We are all participants of the arts as we look around us every day.  Consider the art and creativity that you see around you—especially in unexpected places.  Tell us what you find outstanding, curious, weird or wonderful (and share photos if you have them!).  We'll use your examples as the basis for discussing the value and significance of artistry in our everyday lives.

- Susie

This isn't terribly random, but I do like it.  It's Jay Laber's found-objects sculpture "Charging Forward" on Campus Drive at UM.

I love this sculpture. I don't like where they put it though.
Agreed.  It really needs to be somewhere on the grassy part of campus, with some trees or bushes around....

I suppose you don't have to stick an old car up on a pole and put a mannequin in the driver's seat in order to advertise your salvage yard...but why on earth wouldn't you?

 

This is on the east side of Hwy 93, just as you're coming into Arlee from the south.

 

I will pull over every time for a car on a pole. There's an exquisitely restored vintage beauty, unknown make, on a pole near the highway in Libby.
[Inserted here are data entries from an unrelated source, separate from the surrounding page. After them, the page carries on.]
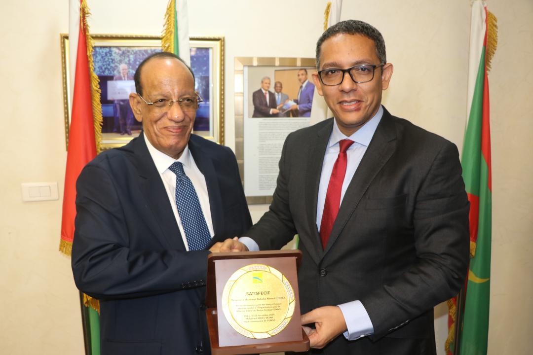 قدم المفوض السامي لمنظمة استثمار نهر السنغال (OMVS)، السيد محمد ولد عبد الفتاح، درعا تكريميا للسيد ببها ولد أحمديوره، الرئيس المنتهية ولايته لمجلس إدارة المنظمة، وذلك عرفانا بما قدمه من جهود مخلصة وعطاء نوعي خلال فترة توليه رئاسة المجلس.
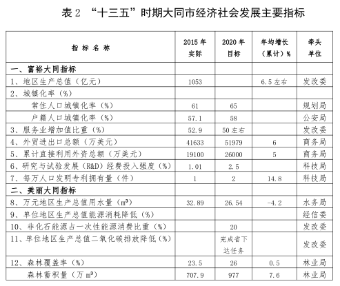 大同市國民經(jīng)濟(jì)和社會(huì)發(fā)展第十三個(gè)五年規(guī)劃綱要
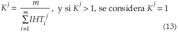 Donde IHTij son los valores del índice IHT calculados para cada mes 1≤i≤m durante los ciclos de los cultivos bajo riego con la fórmula siguiente:
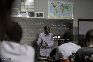 Alphonse (au centre), professeur de français, donne des cours à d’anciens enfants des rues au centre de formation de l’ONG Œuvre de Suivi, d’Éducation et de Protection des Enfants de la Rue (OSEPER) à Kinshasa, capitale de la République démocratique du Congo, le 24 février 2026. La ville de Kinshasa compte plus de 20 000 enfants des rues. L’ONG les accueille dans le but de leur dispenser une formation en menuiserie, boulangerie, coupe et couture, etc., afin de redonner espoir à ces enfants rejetés par la société. (Photo de Glody MURHABAZI / AFP)
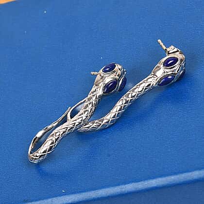 Sunday's Child 1 Ct. Lapis Lazuli Serpent Earrings in Platinum Plated Sterling Silver
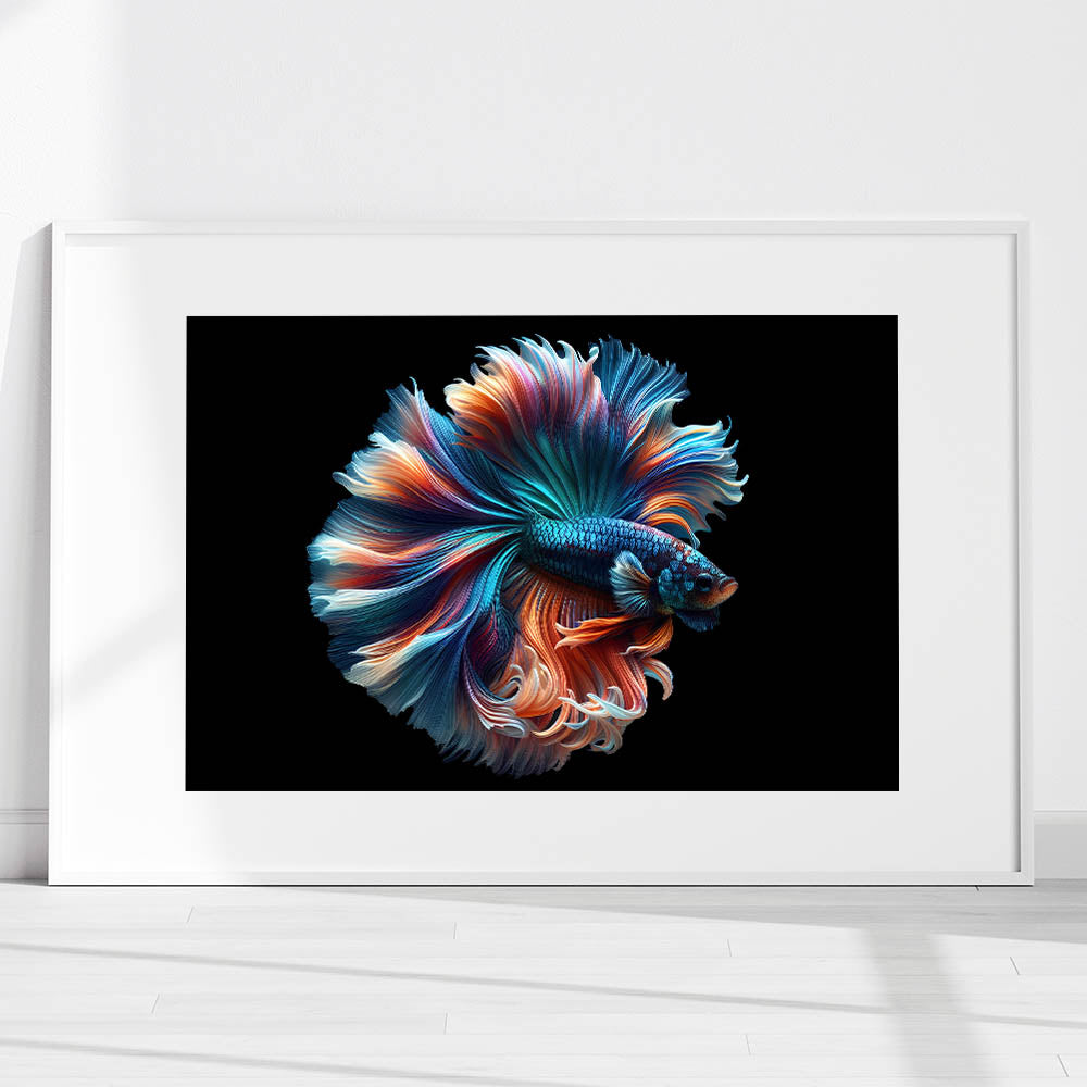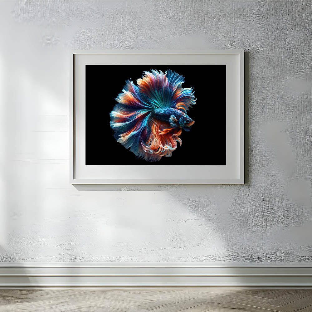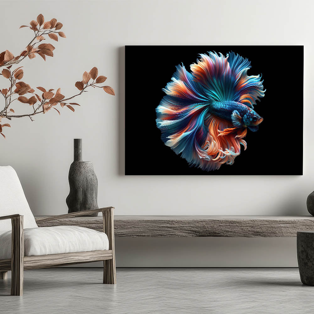Immerse yourself in the beauty of the ocean with this striking Betta fish wall art. Featuring a captivating display of color and movement, this artwork showcases the elegance of a Betta fish in full flow, with its vibrant fins creating a dynamic visual effect. This fish canvas print is an ideal choice for those looking to bring a touch of marine life into their homes, offices, or any space that needs a splash of color and life.
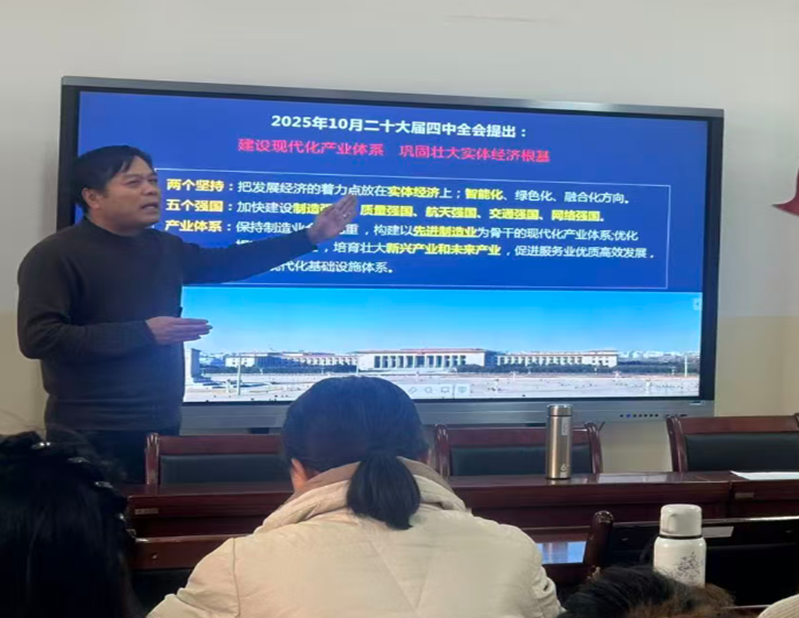 马金虎同志的党课紧紧围绕学习贯彻习近平总书记在党的二十届四中全会上的重要讲话和全会精神,深刻阐释了党的二十届四中全会核心内容,我国在现阶段取得的重大成就,以及未来发展时期的指导思想、重大原则和主要目标。 结合学校当前重点工作,从一体推进教育科技人才协同发展关键步骤到全面落实立德树人根本任务,以及办好人民满意的高质量教育等方面进行系统宣讲。

It's kind of on its own, not near a business, with no sign or identifying info. 

 

That makes my car-on-a-pole look like some sort of amateur hack job.  I don't see signs of birds nesting in the wheel wells or anything.  Sweet!
Every time I drive past the Kelly's car in Arlee I can't help but think about that scene in the movie 'Used Cars' where they put Luke Fuch's body in the car-on-a-pole. One of the best comedies ever.

William Rossiter, one of our longest serving speakers on the HM Speakers Bureau, sent this photo from a recent trip through a large swath of Eastern Montana. The most creative bumper guards ever!

 

That is brilliantly twisted! Or is it twistedly brilliant?
HA !
Over the last twenty years many small cities (small as in 50,000 - 100,000+ residents) have seen the rapid development of "big-box store" shopping districts, like the one on N. Reserve Street in Missoula. They're kind of an easy Target® (hey! see what I did there!), given all the generally bad press about the economic impact these areas have on locally owned retailers. (They're also frequently mentioned in articles about fast-food consumption and the obesity epidemic in America, because wherever there are box stores there are, invariably, fast-food joints.)
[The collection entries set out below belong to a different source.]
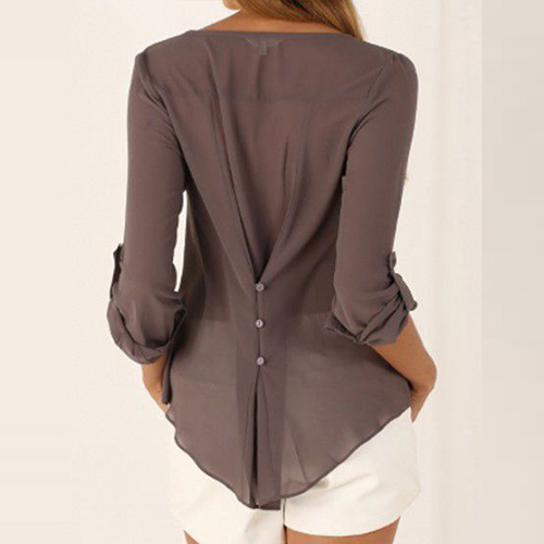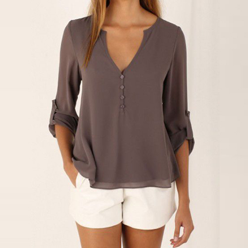 Hey,girls,how could you miss this stylish and all-match chiffon shirt? Solid color style,with long sleeve,
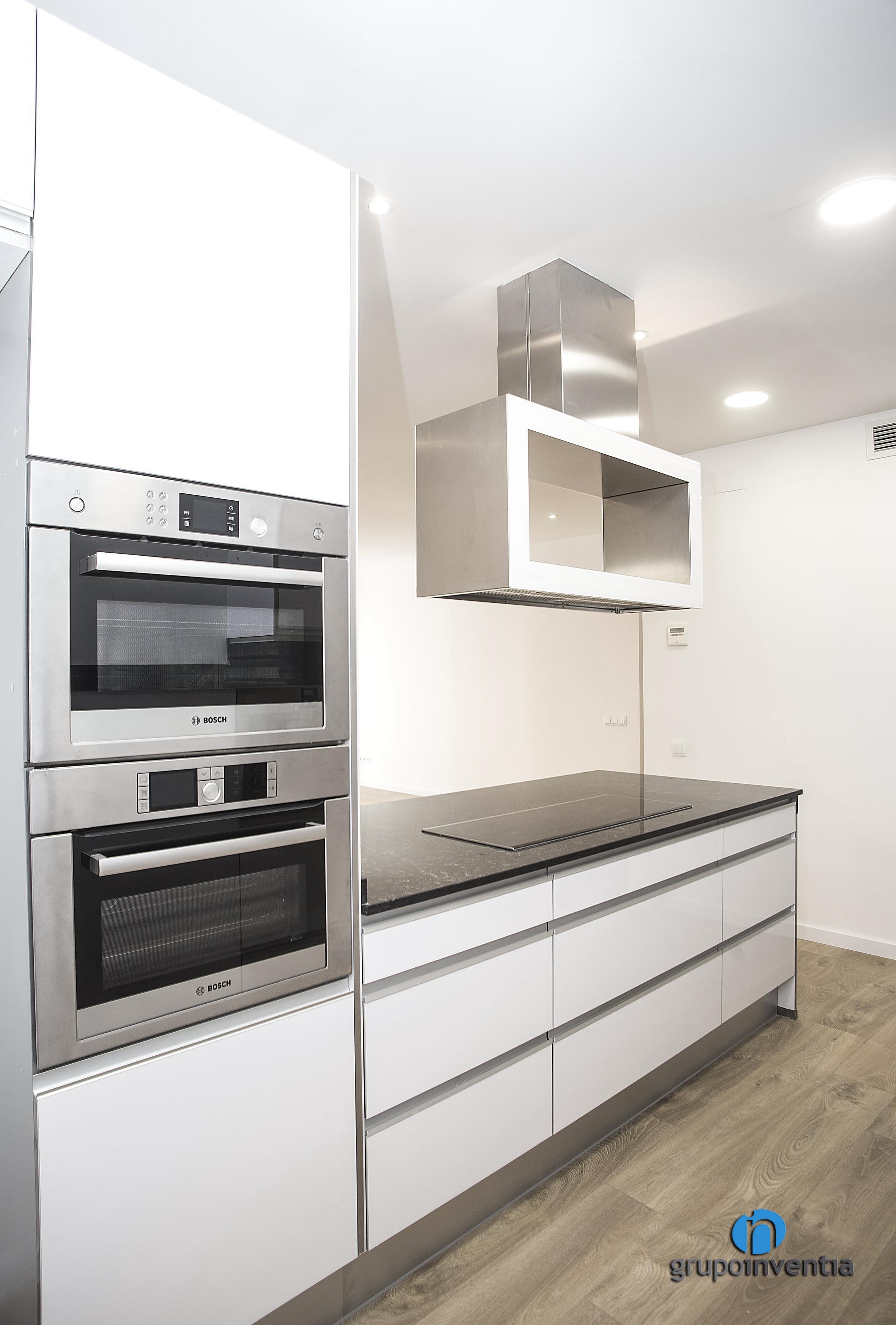 En el lado derecho, el abierto al salón, se colocó un nuevo tramo de encimera en el que se instaló una placa vitrocerámica. Además, este ofrece una amplia superficie de apoyo y de trabajo y puede utilizarse como barra de cocina. Ya en su extremo, se encastraron un horno, un microondas y una nevera.
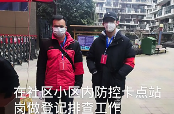 工作内容:向人民群众宣传预防措施,宣传防控思想,做好人员登记和体温检测。

But the thing that drives me nuts about these districts (which I do frequent, although I tend to skip the french fries) is that they are utterly devoid of any creative gesture or idiosyncrasy. The stores, inside and out, are not just utilitarian, but severely utilitarian. Even the grassy patches and manicured hedges around the parking lots seem somehow sterile.

It makes me appreciate all the more the sheer aesthetic experience of downtown Missoula, where there is evidence of human thoughtfulness and skillfulness and whimsy and spirit at every turn. And I think a lot of towns have that in their older, original retail districts—even ones that aren't really thriving anymore. And it's not just the grand gestures like outdoor sculptures, commissioned murals, etc. For me, it's the little things—an oddly painted storefront, the little flourishes in a building's brickwork—that best serve to reflect the humanity in the places we (less and less commonly) work and shop and socialize.